**Exercise aim**. Wherever a picture appears in the listing below, leave it out and reproduce the rest exactly.

**Supplied data**.

┌──

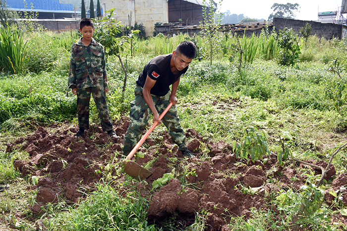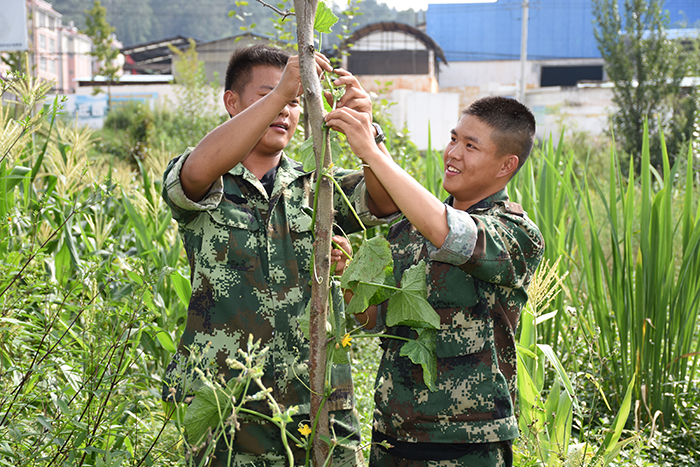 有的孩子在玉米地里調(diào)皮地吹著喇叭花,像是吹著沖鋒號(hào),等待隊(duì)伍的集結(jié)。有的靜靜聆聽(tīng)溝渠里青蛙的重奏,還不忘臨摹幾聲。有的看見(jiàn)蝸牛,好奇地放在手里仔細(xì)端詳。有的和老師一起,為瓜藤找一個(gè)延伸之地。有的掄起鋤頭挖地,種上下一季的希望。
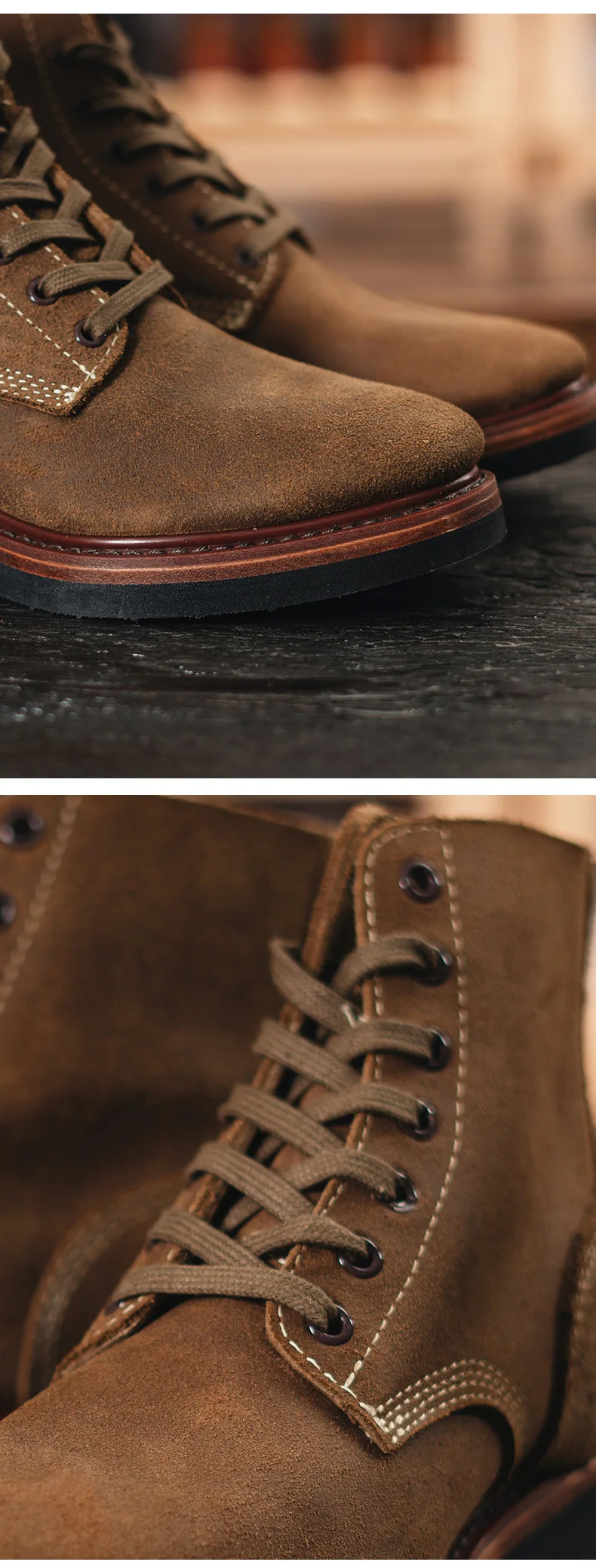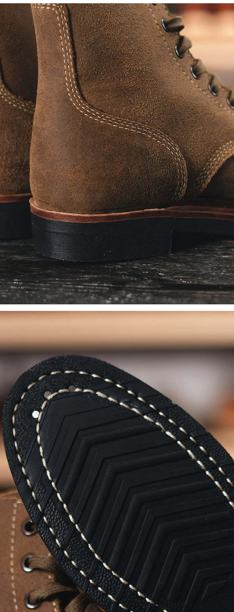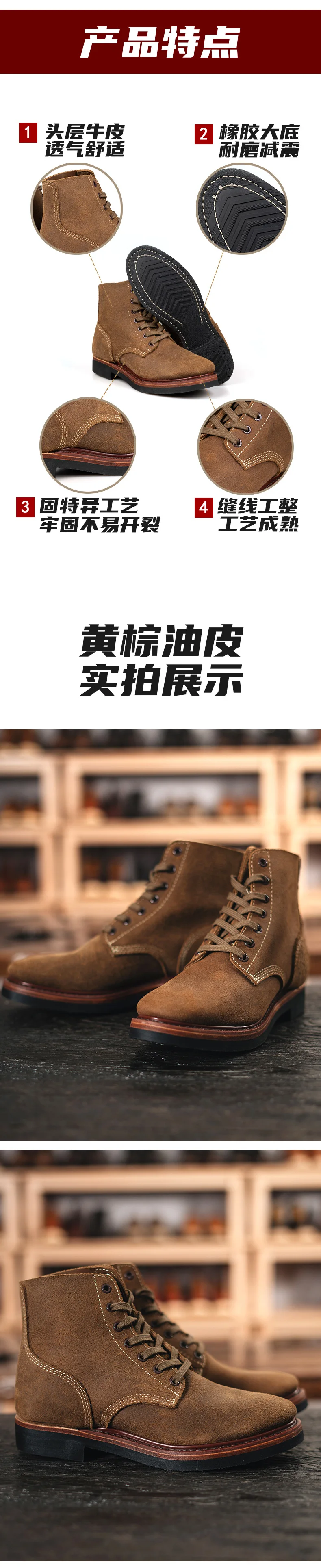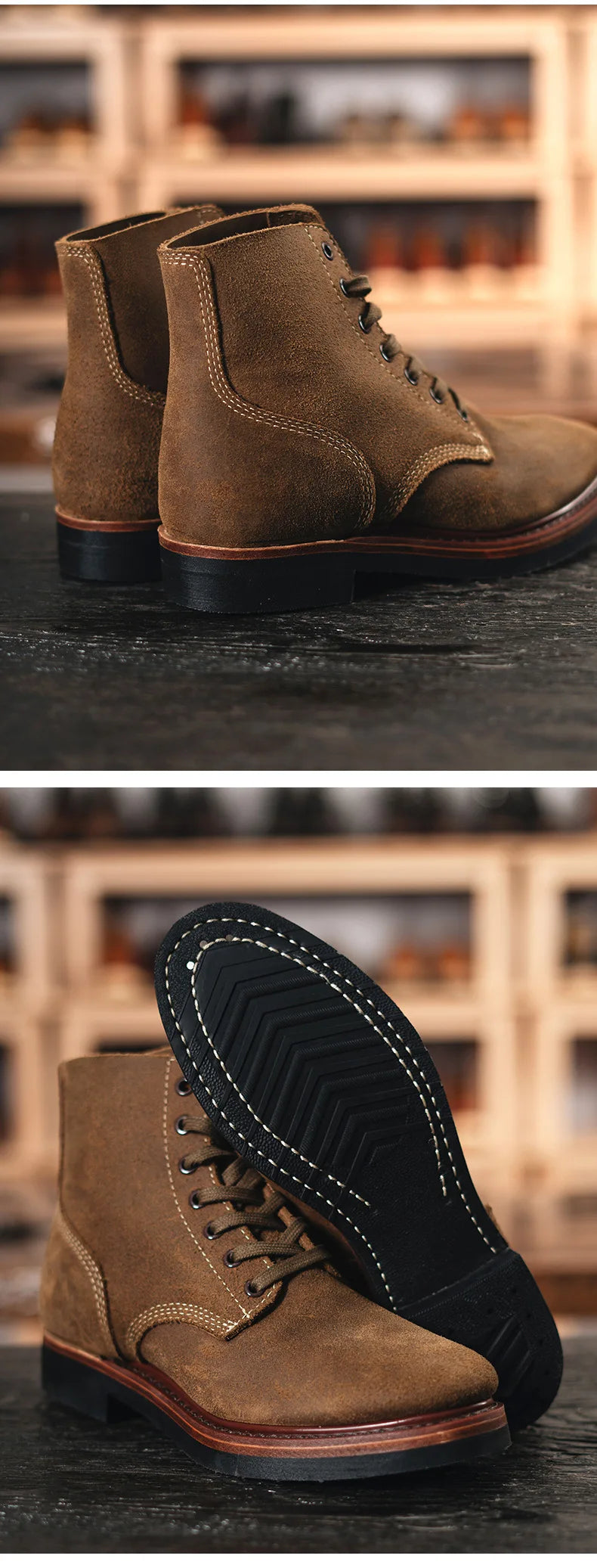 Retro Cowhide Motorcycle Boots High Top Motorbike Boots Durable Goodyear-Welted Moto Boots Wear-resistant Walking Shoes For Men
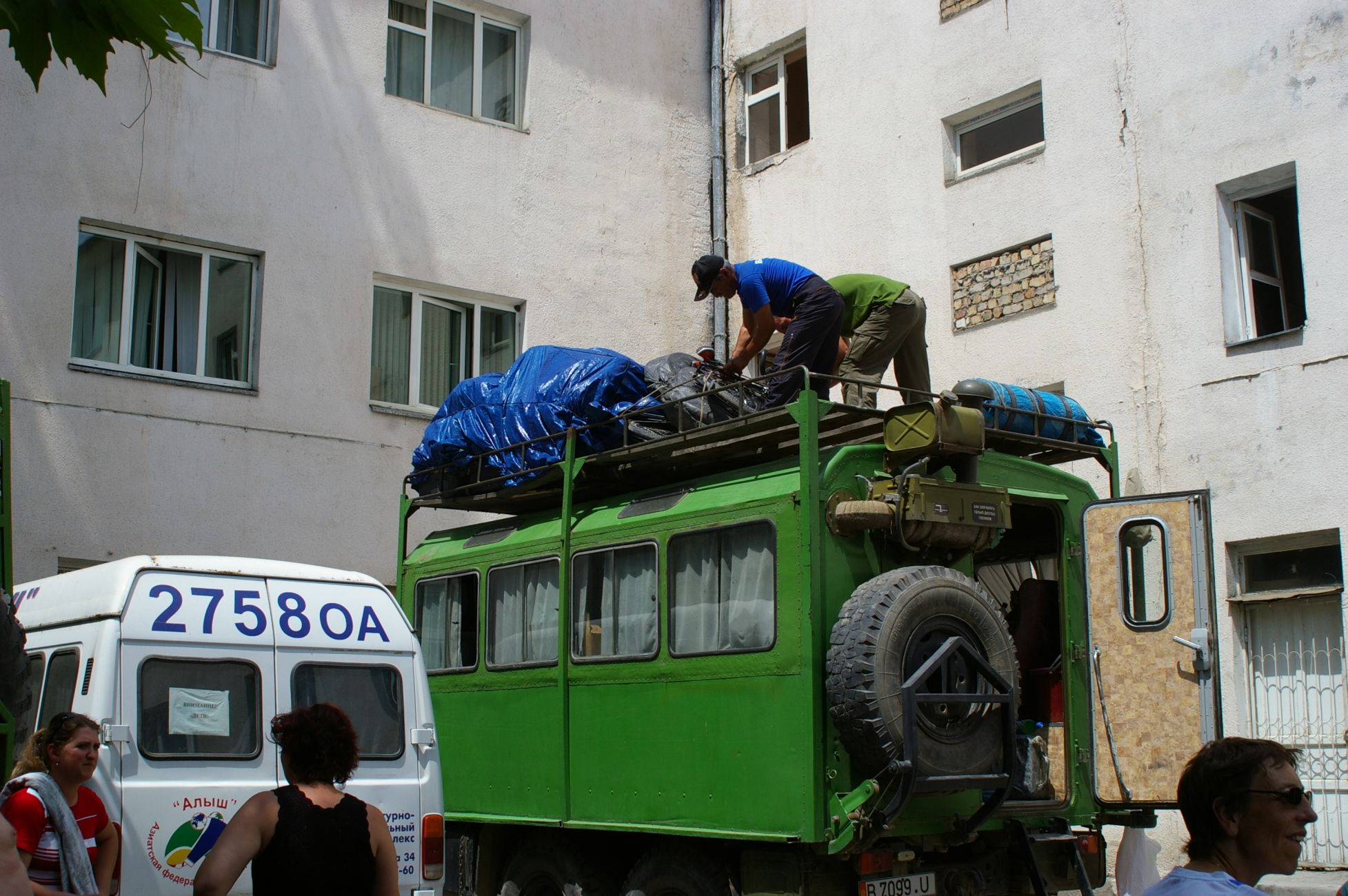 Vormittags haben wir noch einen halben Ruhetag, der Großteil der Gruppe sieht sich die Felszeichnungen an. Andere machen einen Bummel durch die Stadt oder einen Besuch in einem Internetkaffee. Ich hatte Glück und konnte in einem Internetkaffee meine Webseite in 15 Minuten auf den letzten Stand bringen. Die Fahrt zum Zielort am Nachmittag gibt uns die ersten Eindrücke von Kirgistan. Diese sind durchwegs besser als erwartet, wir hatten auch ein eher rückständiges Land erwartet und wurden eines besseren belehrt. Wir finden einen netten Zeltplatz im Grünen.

└──

**Answer**.
 有的孩子在玉米地里調(diào)皮地吹著喇叭花,像是吹著沖鋒號(hào),等待隊(duì)伍的集結(jié)。有的靜靜聆聽(tīng)溝渠里青蛙的重奏,還不忘臨摹幾聲。有的看見(jiàn)蝸牛,好奇地放在手里仔細(xì)端詳。有的和老師一起,為瓜藤找一個(gè)延伸之地。有的掄起鋤頭挖地,種上下一季的希望。
 Retro Cowhide Motorcycle Boots High Top Motorbike Boots Durable Goodyear-Welted Moto Boots Wear-resistant Walking Shoes For Men
 Vormittags haben wir noch einen halben Ruhetag, der Großteil der Gruppe sieht sich die Felszeichnungen an. Andere machen einen Bummel durch die Stadt oder einen Besuch in einem Internetkaffee. Ich hatte Glück und konnte in einem Internetkaffee meine Webseite in 15 Minuten auf den letzten Stand bringen. Die Fahrt zum Zielort am Nachmittag gibt uns die ersten Eindrücke von Kirgistan. Diese sind durchwegs besser als erwartet, wir hatten auch ein eher rückständiges Land erwartet und wurden eines besseren belehrt. Wir finden einen netten Zeltplatz im Grünen.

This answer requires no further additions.